Il patto prevede di offrire dal primo ottobre al 31 dicembre un paniere di prodotti del carrello della spesa a prezzi calmierati. Ma ancora molto resta da ricostruire circa la distribuzione del valore lungo la catena dei prodotti alimentari, dal campo alla tavola, in questi mesi di inflazione galoppante.

Per quanto concerne il primo anello della filiera del latte, Guarneri cerca di fare chiarezza mettendo insieme i dati provenienti da diverse cooperative che fanno capo all’Alleanza. In media, il prezzo di un litro di latte venduto sugli scaffali è composto per il 39,5% dai costi alla stalla, per il 35,8% dai costi dell’industria che lo lavora e lo confeziona e per il 24,7% dal ricarico del distributore.

Gli allevatori, dunque, rispondono solo della prima tranche, che secondo i dati del primo semestre 2023 ammonta in media a 56,5 centesimi al litro. Come si compone, il prezzo del latte che esce dalla stalla? «La voce più pesante dei costi - spiega Guarneri - è quella per i mangimi, che vale 23 centesimi per ogni litro di latte. Poi ci sono 3,7 centesimi di costi energetici, 2,9 centesimi di fertilizzanti e 4,7 centesimi di spese veterinarie. Gli ultimi 22 centesimi riuniscono varie voci, tra costi di manodopera, di affitto, di ammortamento dei macchinari e di oneri finanziari, compresa anche la remunerazione del capitale, cioè il guadagno dell’allevatore».

Nell’ultimo anno, ciascuna di queste voci ha avuto un andamento differente: «Il costo dei mangimi, per esempio, è diminuito del 6% - dice Guarneri - e quello dell’energia, anche se incide poco, è sceso del 21%. La voce dei costi gestionali, invece, è aumentata del 10%, ma non certo per colpa delle remunerazioni degli allevatori: a crescere sono stati soprattutto gli affitti dei terreni e gli interessi sul capitale».
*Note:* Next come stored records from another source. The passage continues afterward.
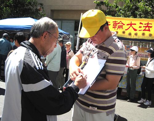 很多人看到征签板上有关活摘器官的介绍后表示:“这太可怕了!太邪恶了!真是个惨剧,我支持你们反迫害。”他们签完后感谢学员做出的努力。
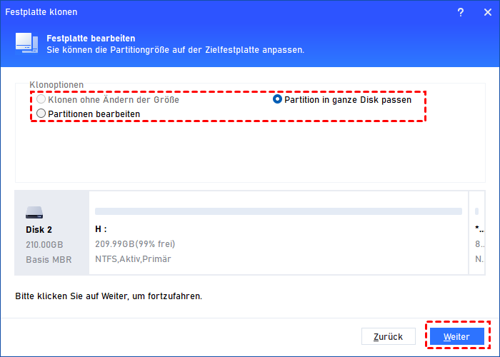 5. Auf dieser Seite können Sie die Partitionsgröße anpassen. Beachten Sie, dass dieser Schritt übersprungen wird, wenn Sie im Schritt 3 die zweite Kopiermethode Sektor-für-Sektor-Klon ausgewählt haben. Wenn Sie große Festplatte auf kleinere Festplatte klonen, ist die Kopieroption „Klonen ohne Ändern der Größe“ ausgegraut.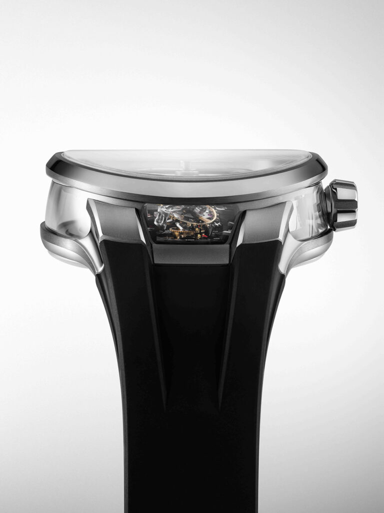 – Movement is the Dial: ตัวเรือนไม่ได้มีหน้าปัดแบบดั้งเดิม แต่ใช้ชิ้นส่วนกลไกทั้ง 354 ชิ้นมาจัดวางให้เป็นสถาปัตยกรรมแบบ 3 มิติที่ดูโปร่งตา ทุกรายละเอียดถูกขัดแต่งด้วยมืออย่างประณีตจนโครงสร้างวิศวกรรมกลายเป็นงานศิลปะที่มองเห็นได้จากทุกมุมมอง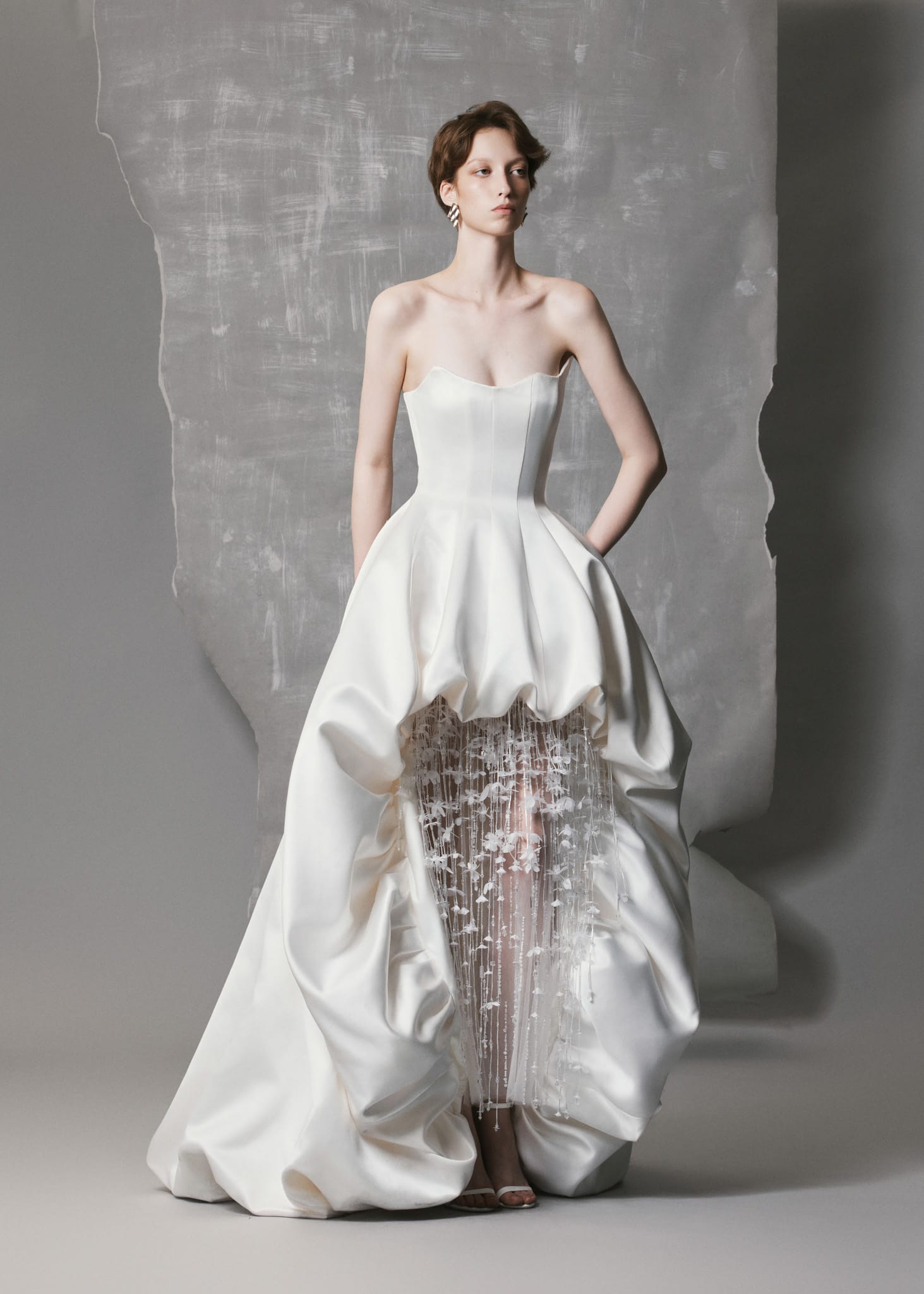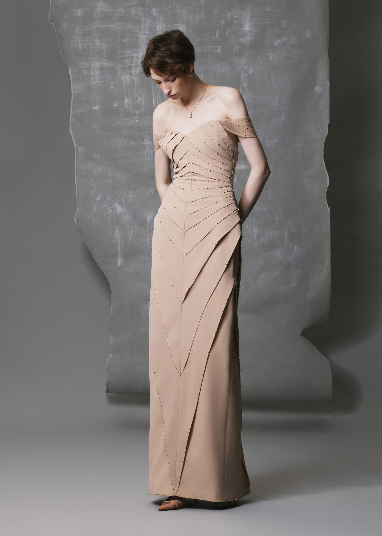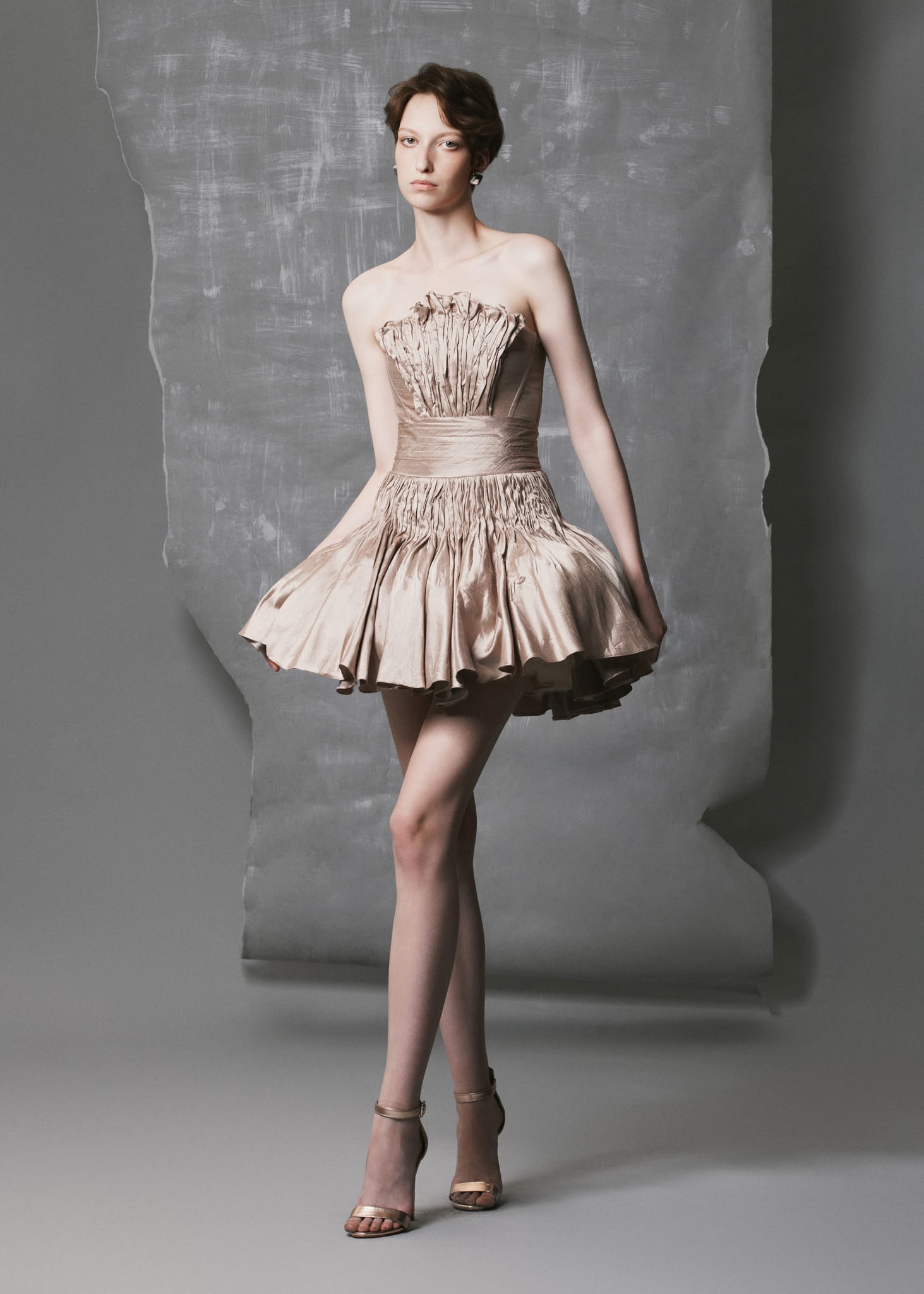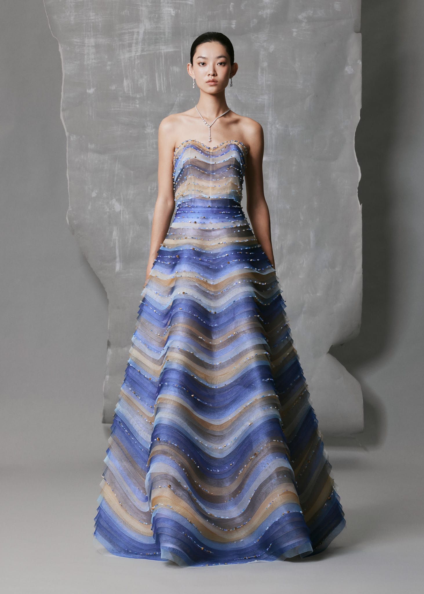 Phan Huy’s Spring-Summer 2026 collection celebrates refined craftsmanship and contemporary tailoring, reflecting the timeless elegance of modern women. Each design embodies the brand’s artisanal spirit through signature details – dewdrop motifs crafted from horsehair braid and adorned with crystals, intricate 3D laser-cut patterns, and sleek silhouettes defined by precise dart lines and a perfectly structured inner form. The collection radiates sophistication and confidence, capturing the luminous charm of summer celebrations and effortless modern grace.

Il risultato finale è che in un anno, cioè tra il primo semestre del 2022 e il primo semestre del 2023, il prezzo medio del latte in uscita dalla stalla è passato da 55,5 a 56,5 centesimi. In pratica, solo un centesimo di più. Un aumento dell’1,7%, mentre il prezzo di un litro di latte finito è cresciuto, soltanto ad agosto, tra il 10 e il 15%.